> Work instructions
Look below for the line with "Buy_Label Frow_Black Lycra"; begin the copy there and stop after the line with "Features- This is", keeping the text exact and the pictures out.

> Provided information
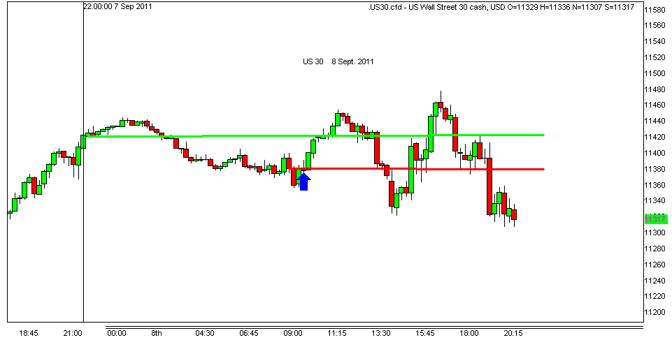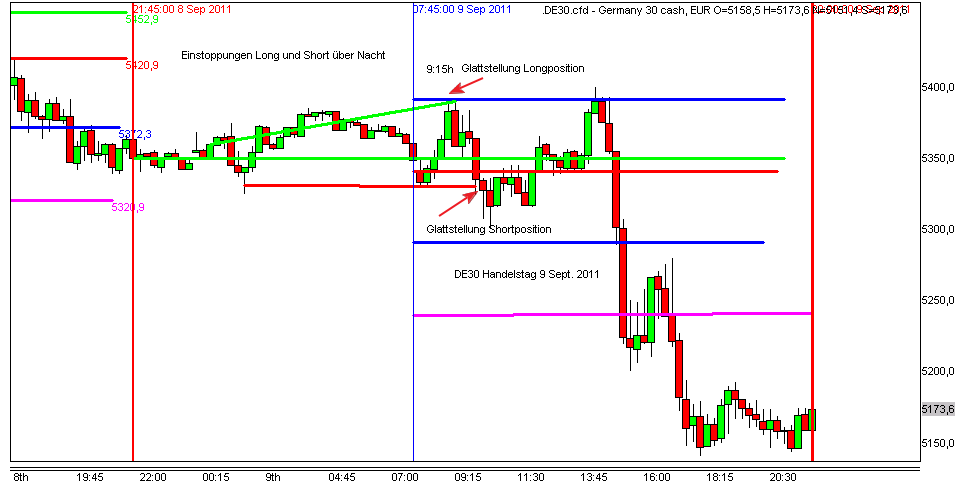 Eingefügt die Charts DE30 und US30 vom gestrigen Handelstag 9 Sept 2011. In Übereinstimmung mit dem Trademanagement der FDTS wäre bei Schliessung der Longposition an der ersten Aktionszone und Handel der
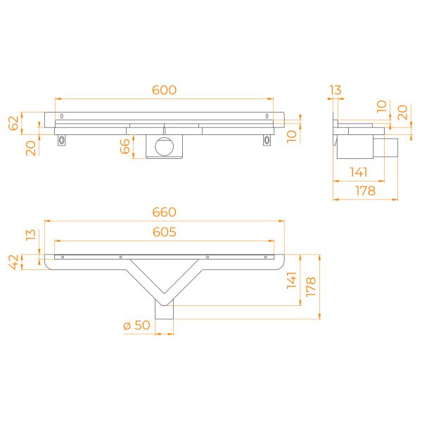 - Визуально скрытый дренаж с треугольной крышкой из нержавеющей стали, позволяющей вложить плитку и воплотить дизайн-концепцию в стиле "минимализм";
...
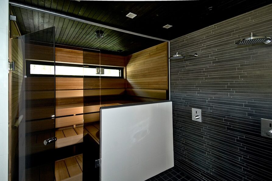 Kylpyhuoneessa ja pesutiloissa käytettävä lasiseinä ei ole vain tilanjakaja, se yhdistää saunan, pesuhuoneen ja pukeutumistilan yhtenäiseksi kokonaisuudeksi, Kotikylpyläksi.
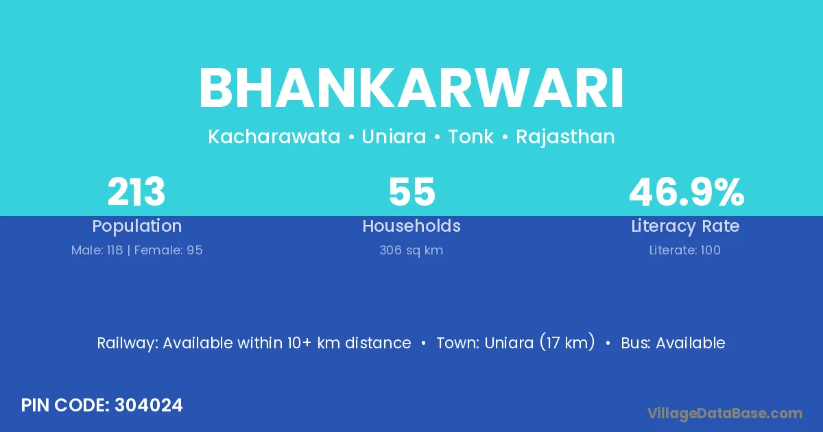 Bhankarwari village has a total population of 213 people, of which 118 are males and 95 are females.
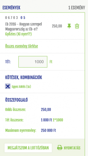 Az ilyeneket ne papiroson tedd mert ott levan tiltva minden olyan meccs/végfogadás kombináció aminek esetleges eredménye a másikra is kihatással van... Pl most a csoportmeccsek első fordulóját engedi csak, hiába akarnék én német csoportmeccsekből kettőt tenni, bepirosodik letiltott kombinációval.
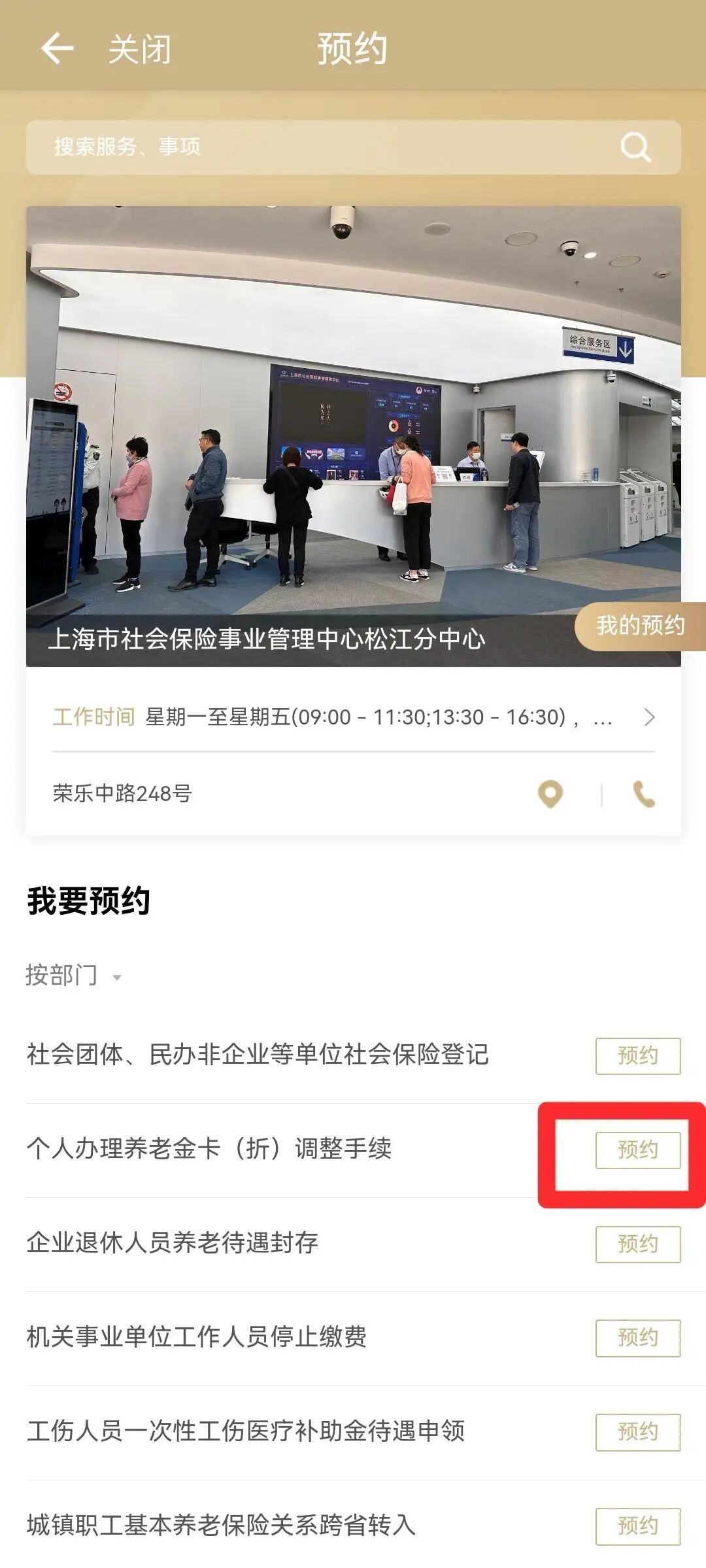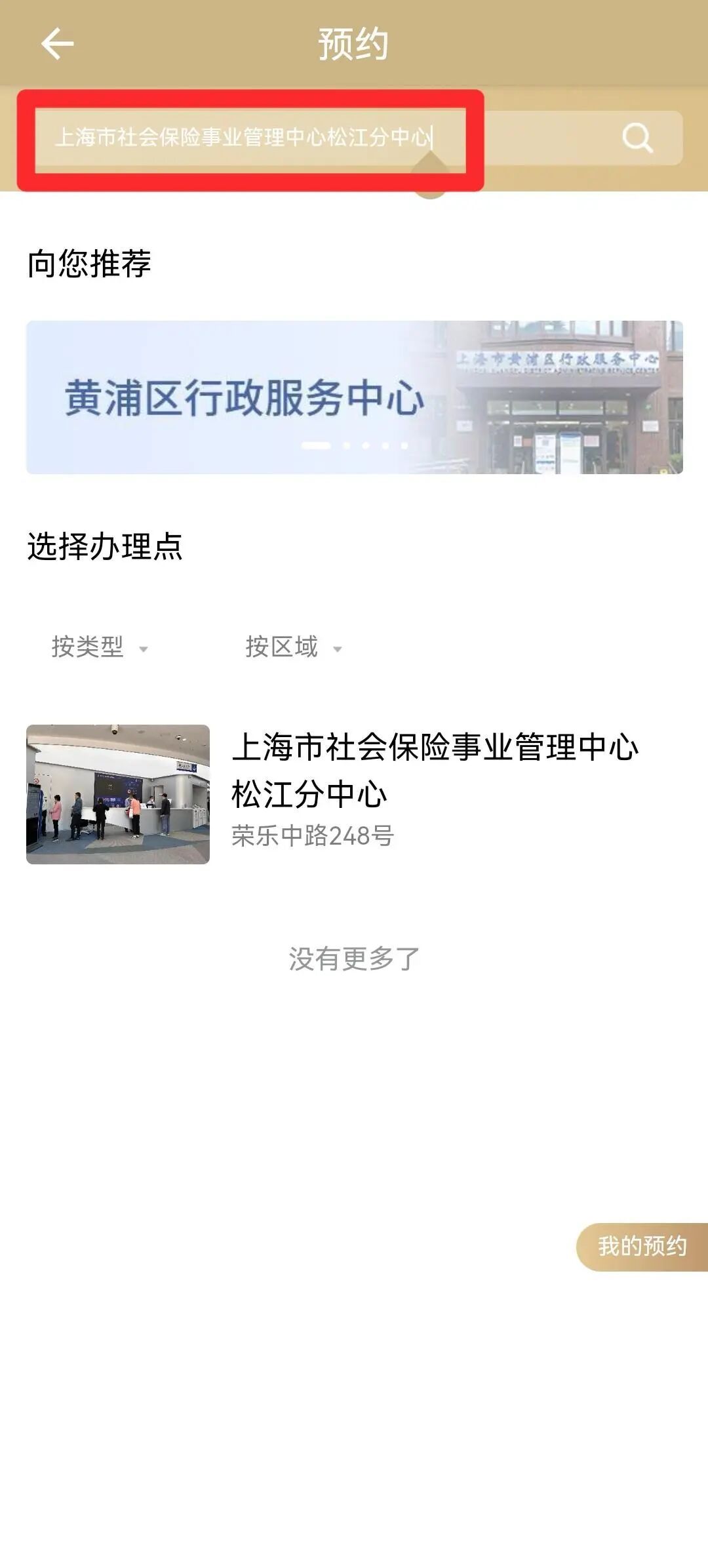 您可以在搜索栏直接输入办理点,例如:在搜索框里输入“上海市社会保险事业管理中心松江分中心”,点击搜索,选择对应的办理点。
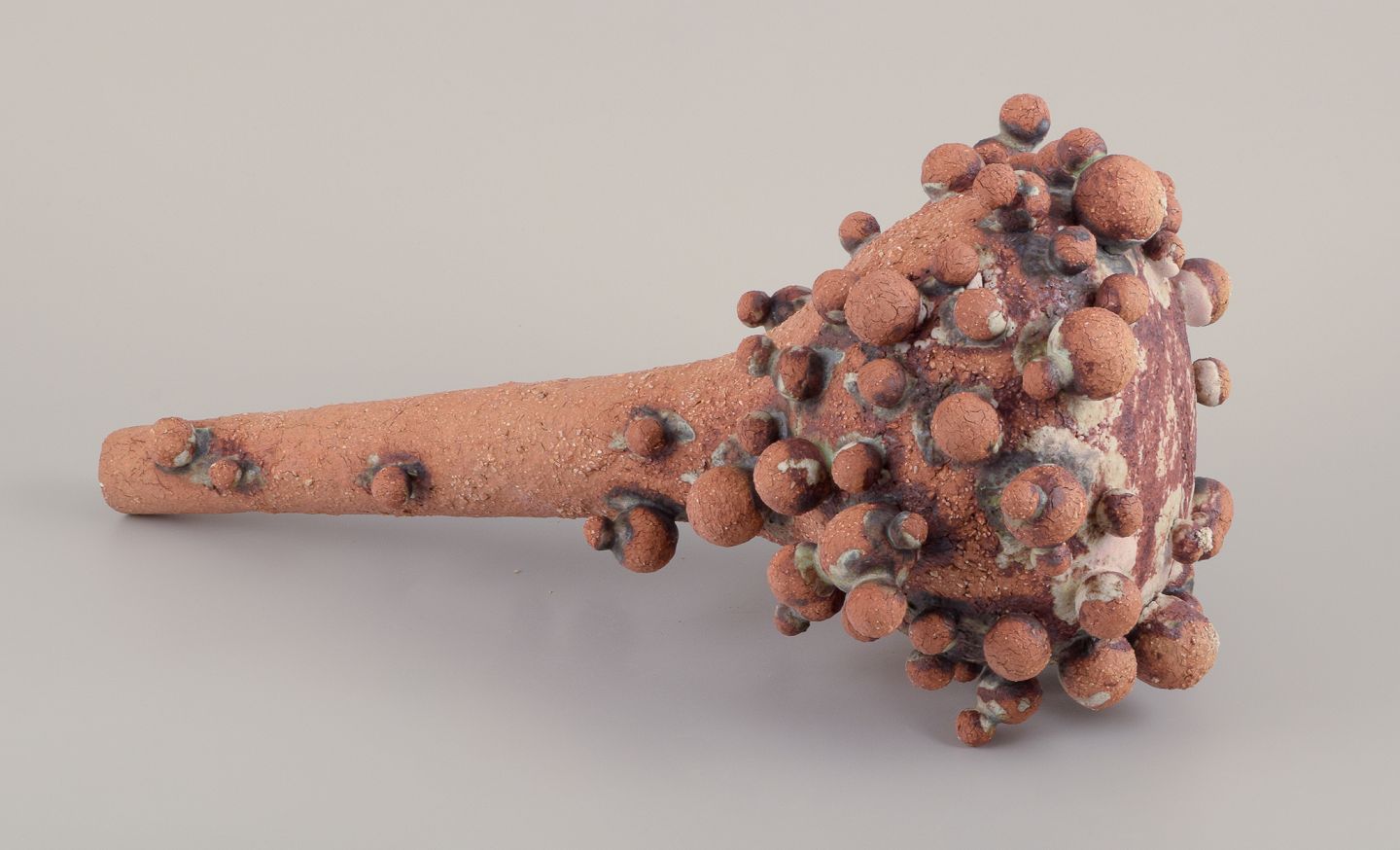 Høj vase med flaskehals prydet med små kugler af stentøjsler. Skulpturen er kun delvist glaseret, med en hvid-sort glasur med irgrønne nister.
...
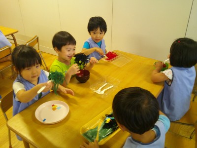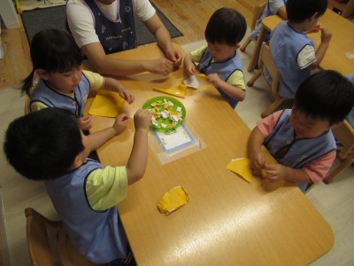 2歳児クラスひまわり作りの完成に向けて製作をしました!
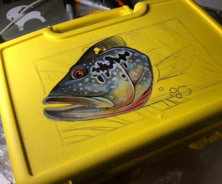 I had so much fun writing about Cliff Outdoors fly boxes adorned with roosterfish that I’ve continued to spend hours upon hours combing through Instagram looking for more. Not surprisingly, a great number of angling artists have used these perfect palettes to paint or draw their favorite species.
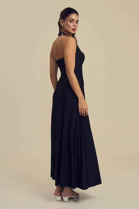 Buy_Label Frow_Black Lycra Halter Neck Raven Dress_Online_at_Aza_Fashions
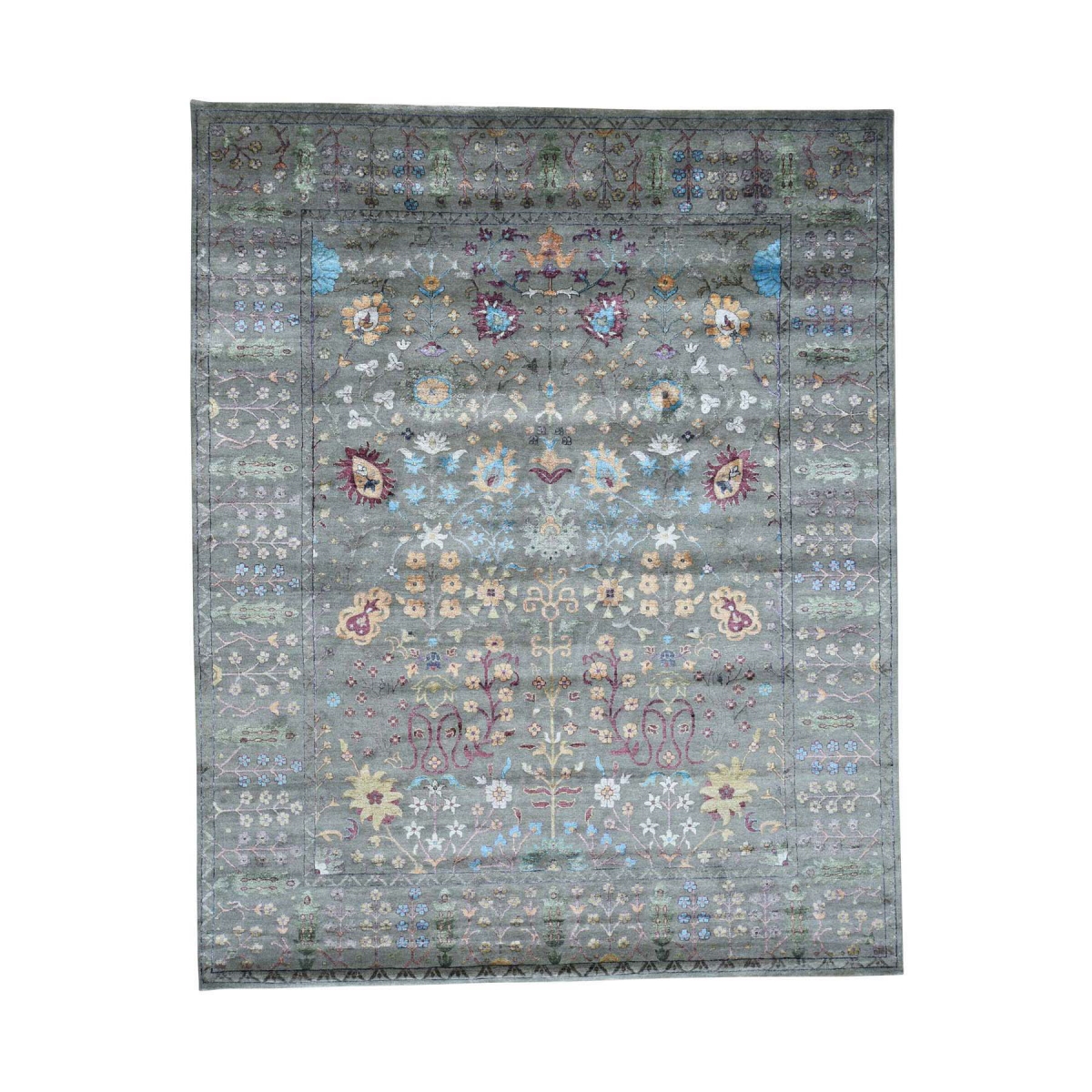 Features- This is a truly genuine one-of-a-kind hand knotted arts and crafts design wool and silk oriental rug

> Answer for this exercise
 Buy_Label Frow_Black Lycra Halter Neck Raven Dress_Online_at_Aza_Fashions
 Features- This is a truly genuine one-of-a-kind hand knotted arts and crafts design wool and silk oriental rug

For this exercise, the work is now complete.